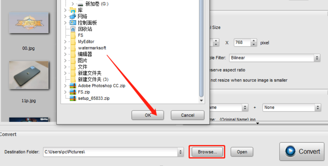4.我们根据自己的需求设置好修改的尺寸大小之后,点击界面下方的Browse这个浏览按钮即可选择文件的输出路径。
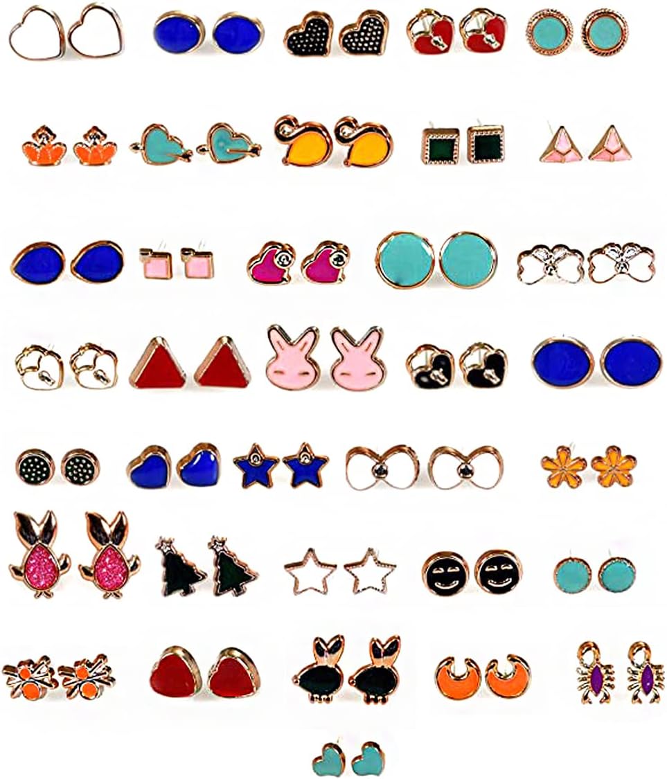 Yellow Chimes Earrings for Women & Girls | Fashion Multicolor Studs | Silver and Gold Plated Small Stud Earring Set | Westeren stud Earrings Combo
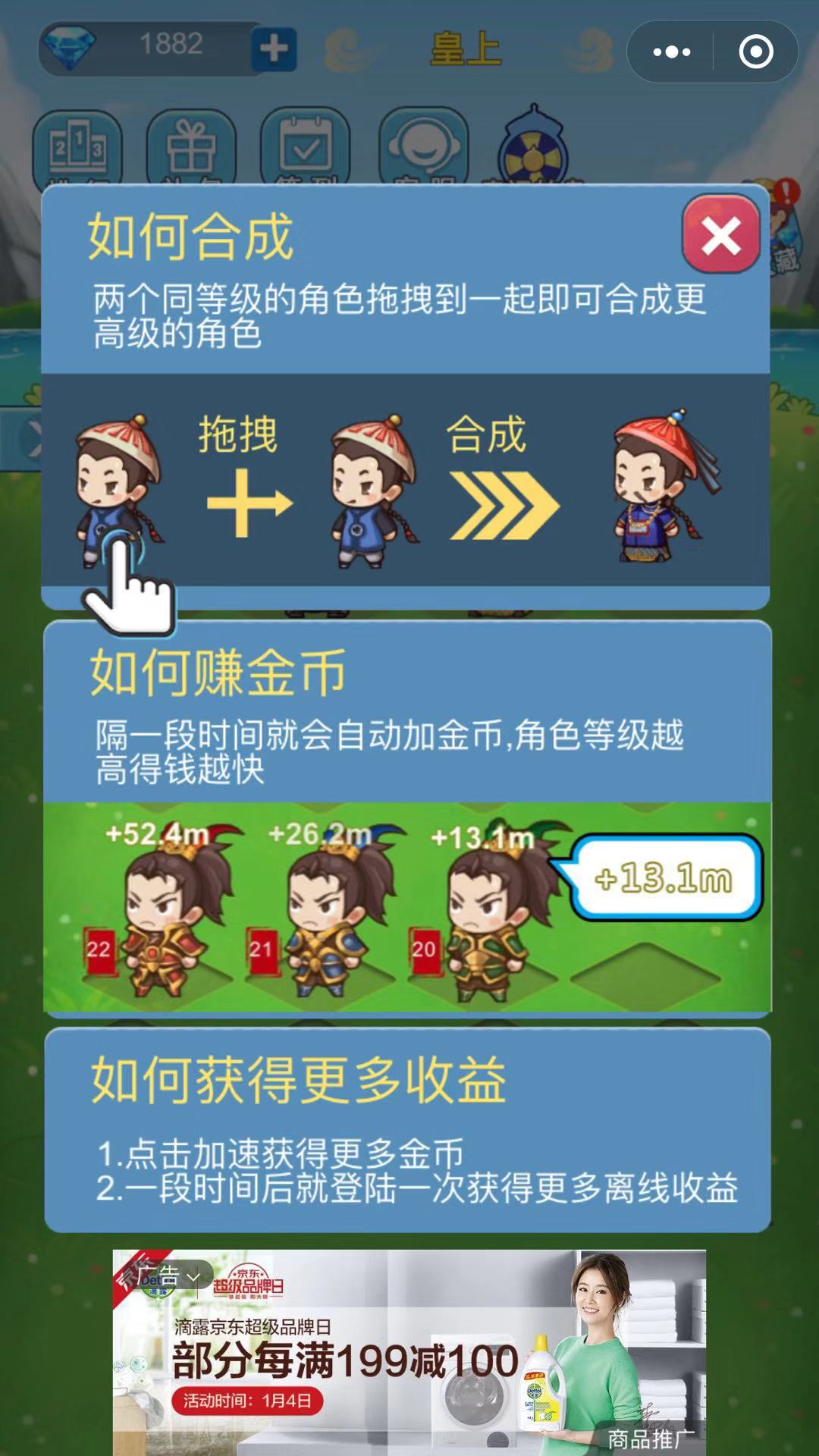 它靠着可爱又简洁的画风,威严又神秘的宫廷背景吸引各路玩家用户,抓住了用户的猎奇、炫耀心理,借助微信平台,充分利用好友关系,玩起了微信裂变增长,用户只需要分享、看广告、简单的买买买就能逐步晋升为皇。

# # #

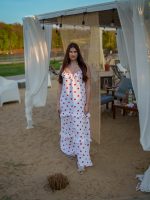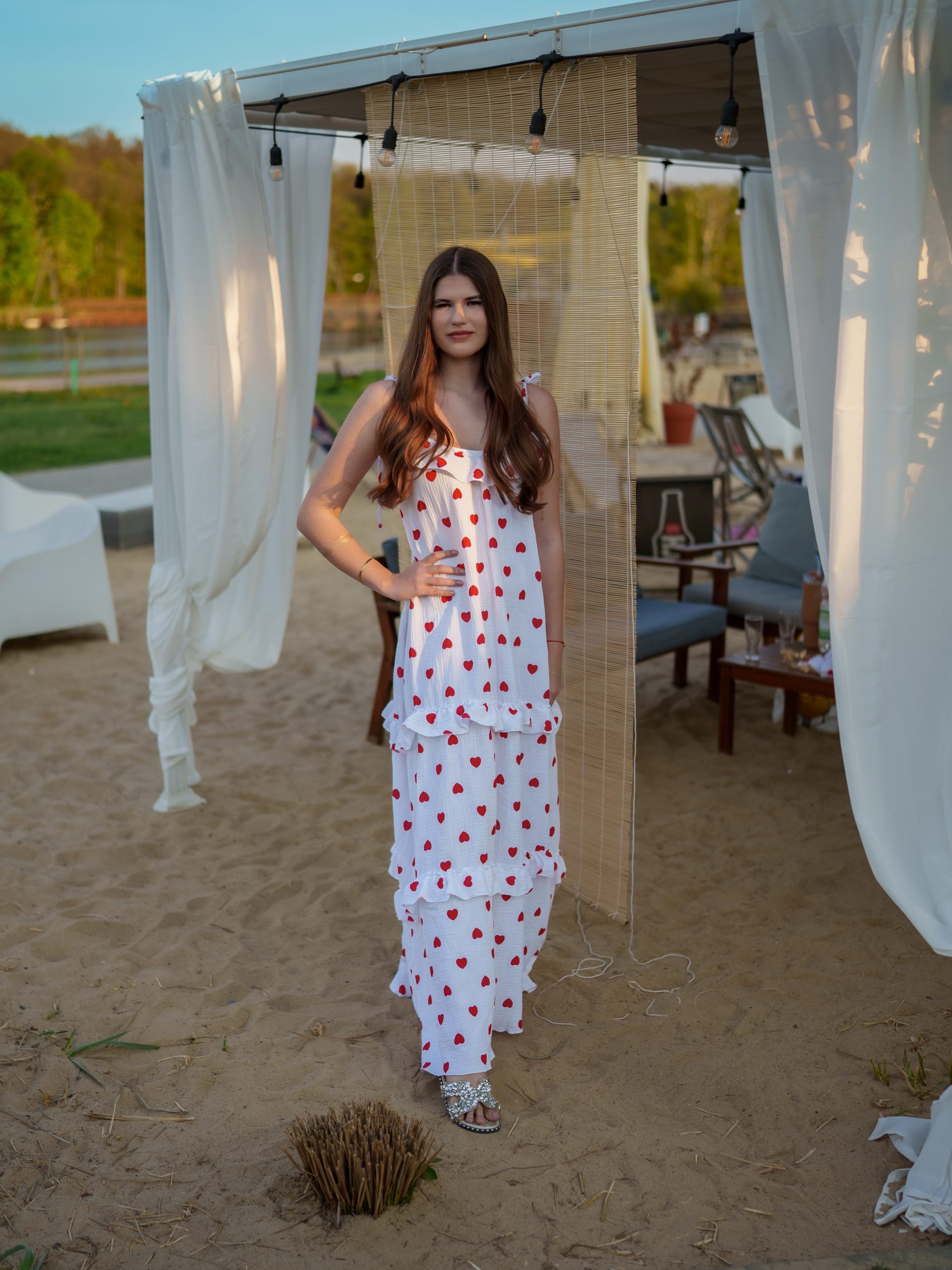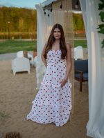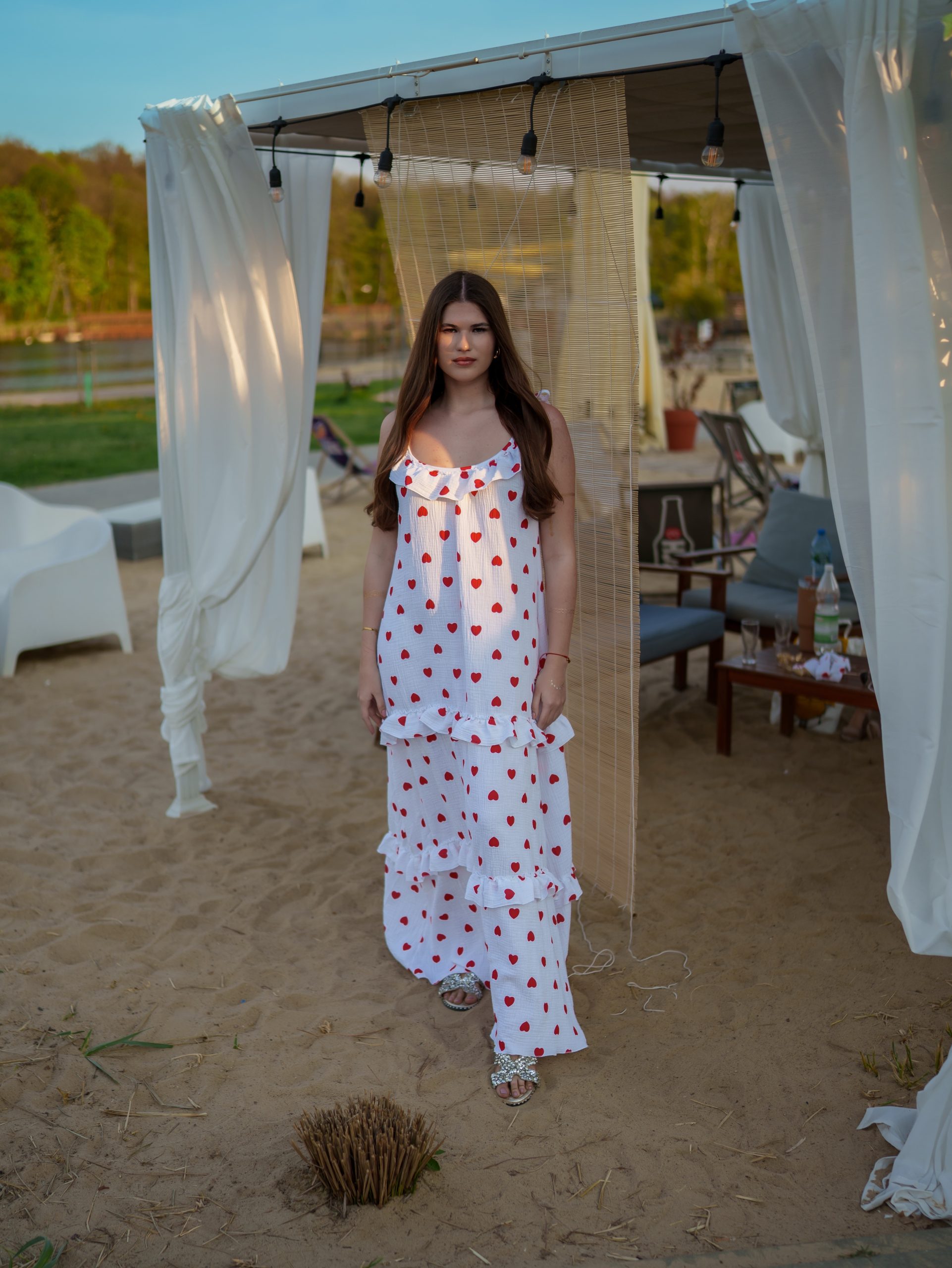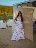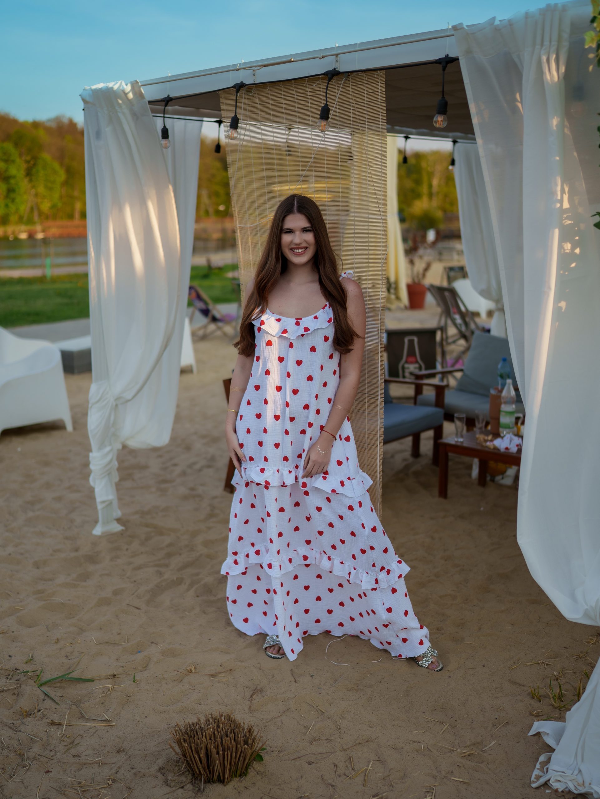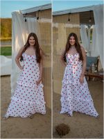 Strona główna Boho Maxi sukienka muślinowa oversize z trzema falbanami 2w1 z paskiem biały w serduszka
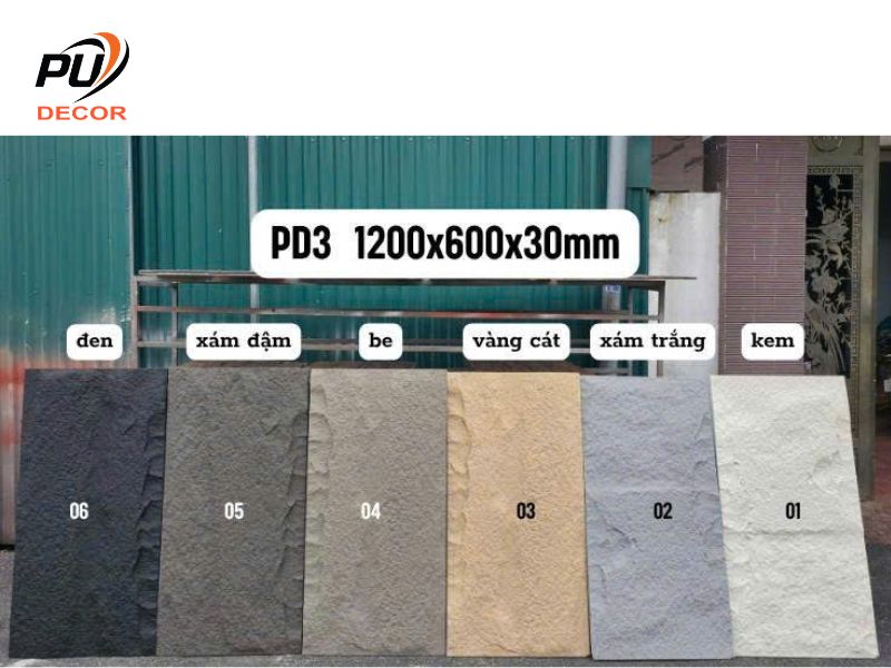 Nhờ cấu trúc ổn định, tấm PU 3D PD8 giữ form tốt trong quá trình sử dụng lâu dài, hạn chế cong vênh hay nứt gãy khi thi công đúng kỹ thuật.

# # #

** What is expected **
Would you output only the span of the records above that opens with the line containing "Yellow Chimes Earrings" and closes with the line containing "它靠着可爱又简洁的画风,威严", ends included and pictures dropped?

** Answer to this exercise **
 Yellow Chimes Earrings for Women & Girls | Fashion Multicolor Studs | Silver and Gold Plated Small Stud Earring Set | Westeren stud Earrings Combo
 它靠着可爱又简洁的画风,威严又神秘的宫廷背景吸引各路玩家用户,抓住了用户的猎奇、炫耀心理,借助微信平台,充分利用好友关系,玩起了微信裂变增长,用户只需要分享、看广告、简单的买买买就能逐步晋升为皇。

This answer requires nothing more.